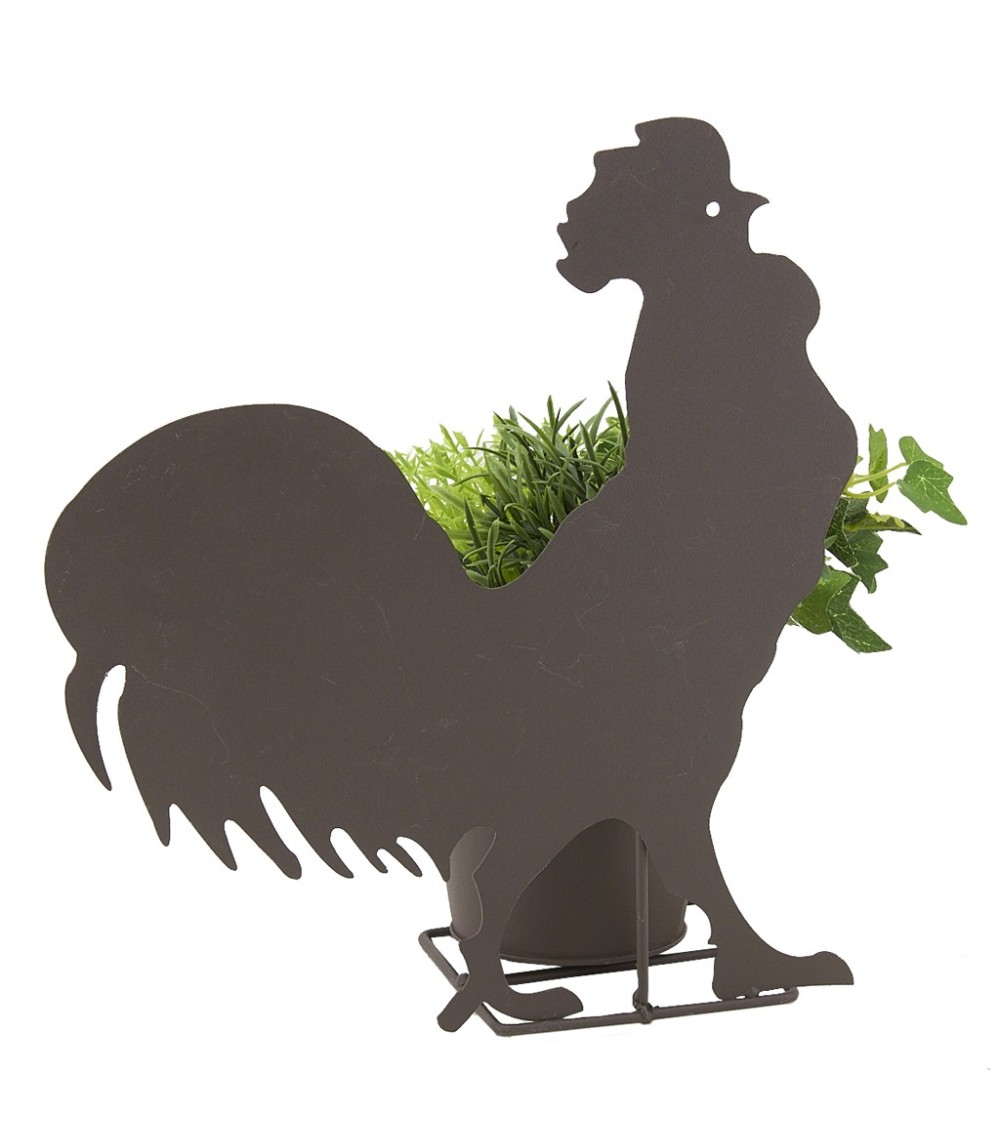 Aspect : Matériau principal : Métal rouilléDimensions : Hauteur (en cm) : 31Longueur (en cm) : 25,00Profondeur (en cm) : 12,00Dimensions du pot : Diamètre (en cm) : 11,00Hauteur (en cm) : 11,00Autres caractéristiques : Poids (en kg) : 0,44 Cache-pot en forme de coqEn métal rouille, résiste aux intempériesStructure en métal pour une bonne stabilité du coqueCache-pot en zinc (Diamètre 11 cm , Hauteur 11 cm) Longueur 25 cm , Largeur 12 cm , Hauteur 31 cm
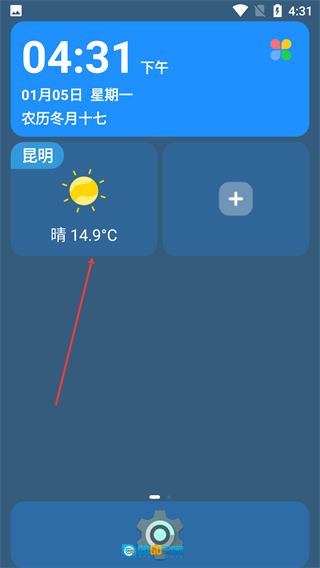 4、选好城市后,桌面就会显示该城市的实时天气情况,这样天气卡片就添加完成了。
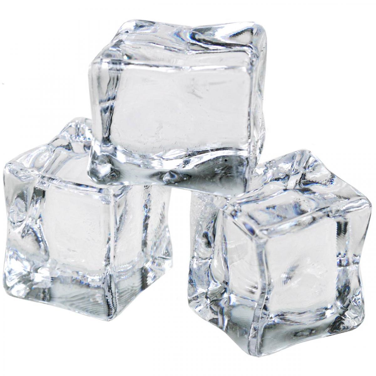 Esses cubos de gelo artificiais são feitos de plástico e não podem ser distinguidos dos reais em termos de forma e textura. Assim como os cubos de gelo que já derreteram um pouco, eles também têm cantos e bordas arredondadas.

(TASK DIRECTIONS) From the line that contains "4、选好城市后,桌面就会显示该城市的实时天气情况,这样天气卡片就添加完成了。" to the final line of the material, write out each line exactly. Pictures stay out.

(WRITTEN RESPONSE)
 4、选好城市后,桌面就会显示该城市的实时天气情况,这样天气卡片就添加完成了。
 Esses cubos de gelo artificiais são feitos de plástico e não podem ser distinguidos dos reais em termos de forma e textura. Assim como os cubos de gelo que já derreteram um pouco, eles também têm cantos e bordas arredondadas.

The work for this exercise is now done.